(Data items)
⁂

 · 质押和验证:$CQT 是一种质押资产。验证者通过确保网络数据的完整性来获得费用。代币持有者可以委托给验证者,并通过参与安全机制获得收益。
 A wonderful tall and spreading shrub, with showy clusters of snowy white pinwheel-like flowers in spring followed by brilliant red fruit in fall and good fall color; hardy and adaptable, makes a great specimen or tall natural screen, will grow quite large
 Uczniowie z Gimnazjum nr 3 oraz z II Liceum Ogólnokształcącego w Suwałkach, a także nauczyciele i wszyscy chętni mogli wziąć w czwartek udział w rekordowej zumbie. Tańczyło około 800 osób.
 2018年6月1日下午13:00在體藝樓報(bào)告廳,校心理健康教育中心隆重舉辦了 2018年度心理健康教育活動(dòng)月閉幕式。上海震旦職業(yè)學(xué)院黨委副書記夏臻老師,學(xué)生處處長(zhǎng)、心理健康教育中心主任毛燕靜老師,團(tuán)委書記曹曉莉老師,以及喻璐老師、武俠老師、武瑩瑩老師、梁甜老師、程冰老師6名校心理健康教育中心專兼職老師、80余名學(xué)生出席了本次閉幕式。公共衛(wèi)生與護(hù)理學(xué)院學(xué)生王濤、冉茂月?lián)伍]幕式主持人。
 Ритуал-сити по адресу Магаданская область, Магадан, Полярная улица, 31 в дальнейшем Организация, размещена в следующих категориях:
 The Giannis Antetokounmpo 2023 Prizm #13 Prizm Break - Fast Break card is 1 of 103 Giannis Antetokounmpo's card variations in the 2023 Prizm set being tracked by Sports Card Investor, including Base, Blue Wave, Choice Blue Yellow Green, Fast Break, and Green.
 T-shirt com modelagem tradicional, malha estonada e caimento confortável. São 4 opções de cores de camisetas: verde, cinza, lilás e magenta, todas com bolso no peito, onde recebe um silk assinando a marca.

⁂

_WORK TASK:_ The first line of the entries, the line with "The Giannis Antetokounmpo", and every line between them should be retyped exactly, and nothing else.

_COMPLETED EXERCISE:_
 · 质押和验证:$CQT 是一种质押资产。验证者通过确保网络数据的完整性来获得费用。代币持有者可以委托给验证者,并通过参与安全机制获得收益。
 A wonderful tall and spreading shrub, with showy clusters of snowy white pinwheel-like flowers in spring followed by brilliant red fruit in fall and good fall color; hardy and adaptable, makes a great specimen or tall natural screen, will grow quite large
 Uczniowie z Gimnazjum nr 3 oraz z II Liceum Ogólnokształcącego w Suwałkach, a także nauczyciele i wszyscy chętni mogli wziąć w czwartek udział w rekordowej zumbie. Tańczyło około 800 osób.
 2018年6月1日下午13:00在體藝樓報(bào)告廳,校心理健康教育中心隆重舉辦了 2018年度心理健康教育活動(dòng)月閉幕式。上海震旦職業(yè)學(xué)院黨委副書記夏臻老師,學(xué)生處處長(zhǎng)、心理健康教育中心主任毛燕靜老師,團(tuán)委書記曹曉莉老師,以及喻璐老師、武俠老師、武瑩瑩老師、梁甜老師、程冰老師6名校心理健康教育中心專兼職老師、80余名學(xué)生出席了本次閉幕式。公共衛(wèi)生與護(hù)理學(xué)院學(xué)生王濤、冉茂月?lián)伍]幕式主持人。
 Ритуал-сити по адресу Магаданская область, Магадан, Полярная улица, 31 в дальнейшем Организация, размещена в следующих категориях:
 The Giannis Antetokounmpo 2023 Prizm #13 Prizm Break - Fast Break card is 1 of 103 Giannis Antetokounmpo's card variations in the 2023 Prizm set being tracked by Sports Card Investor, including Base, Blue Wave, Choice Blue Yellow Green, Fast Break, and Green.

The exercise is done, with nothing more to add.